→ **RECORDED INFORMATION**
#####

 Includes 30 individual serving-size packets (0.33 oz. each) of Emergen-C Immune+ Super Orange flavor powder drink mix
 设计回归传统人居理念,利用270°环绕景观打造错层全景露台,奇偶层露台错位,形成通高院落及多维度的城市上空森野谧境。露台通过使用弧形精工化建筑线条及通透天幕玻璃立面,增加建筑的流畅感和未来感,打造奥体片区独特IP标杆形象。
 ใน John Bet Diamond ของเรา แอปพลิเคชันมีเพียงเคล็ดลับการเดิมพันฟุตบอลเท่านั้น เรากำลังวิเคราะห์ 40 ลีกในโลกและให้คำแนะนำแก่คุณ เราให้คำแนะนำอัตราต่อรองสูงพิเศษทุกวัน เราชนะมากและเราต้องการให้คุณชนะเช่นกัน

#####

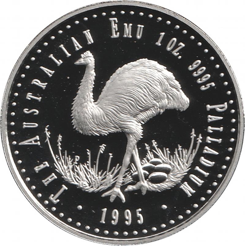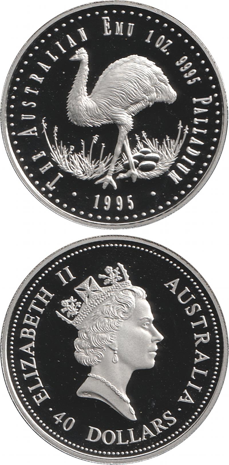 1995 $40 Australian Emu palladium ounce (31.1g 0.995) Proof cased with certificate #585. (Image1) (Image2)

#####

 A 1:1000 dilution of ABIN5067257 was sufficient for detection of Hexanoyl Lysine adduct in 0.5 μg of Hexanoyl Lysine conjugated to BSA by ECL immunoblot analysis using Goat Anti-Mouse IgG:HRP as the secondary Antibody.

#####

Find where the line with "设计回归传统人居理念,利用2" sits in the material above, then copy exactly from it through the line with "ใน John Bet". Add no other line.

→ **WRITTEN SOLUTION**
 设计回归传统人居理念,利用270°环绕景观打造错层全景露台,奇偶层露台错位,形成通高院落及多维度的城市上空森野谧境。露台通过使用弧形精工化建筑线条及通透天幕玻璃立面,增加建筑的流畅感和未来感,打造奥体片区独特IP标杆形象。
 ใน John Bet Diamond ของเรา แอปพลิเคชันมีเพียงเคล็ดลับการเดิมพันฟุตบอลเท่านั้น เรากำลังวิเคราะห์ 40 ลีกในโลกและให้คำแนะนำแก่คุณ เราให้คำแนะนำอัตราต่อรองสูงพิเศษทุกวัน เราชนะมากและเราต้องการให้คุณชนะเช่นกัน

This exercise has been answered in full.